The striking richness and depth of Park Chan-wook's visual palette are intact in his new film, which establishes the contrast between a mountain and a sea as a reflection of the differences that separate the policeman and the murder suspect.

"Yes, the mountain and the sea are omnipresent in the film," says the director. "Like the two characters at the heart of the story, they keep changing colours according to the weather," he explains. "That is how light works. Even a blue dress might appear green or turquoise as the light changes."

About his penchant for screen violence, of which there is only a sparing use in "Decision to Leave", Park says: "There are many directors who excel at filming the action on the big screen. So, I have always made it a point to stick to my own style the violence I put on the screen is often not pretty at all, but it is essential to the situation."
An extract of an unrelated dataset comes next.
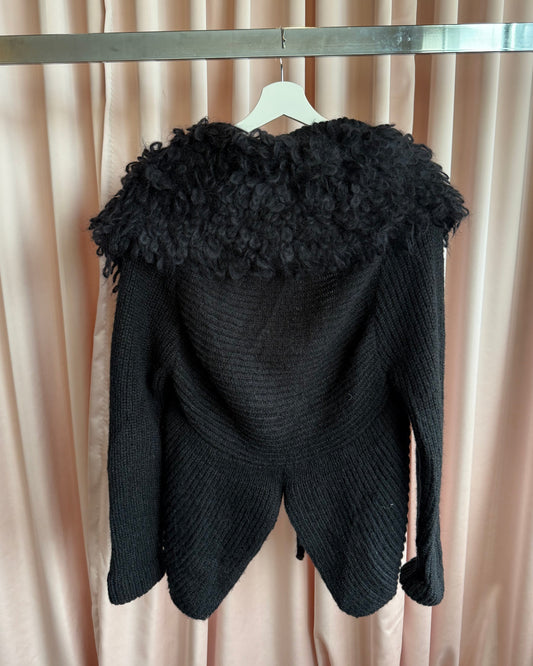 Japanese Brand Beaded Rabbit & Lamb Fur Collar Knit Shrug

Asked if the shifting love story in "Decision to Leave" has any personal basis, Park is quick to point out that he isn't the sort of filmmaker who turns to his own life for inspiration.

"I do not make films to reflect my life," he says. "I really do not know how much of my personality and thoughts have crept into 'Decision to Leave', but I agree that it is when people are in love that they are best able to reveal their inner selves."

Park points out that some journalists in Cannes have mentioned Alfred Hitchcock's "Vertigo" as similar to "Decision to Leave".

"I would like to tell them that I did not have Hitchcock's film, or any other film, in mind when 'Decision to Leave' was being written," he says.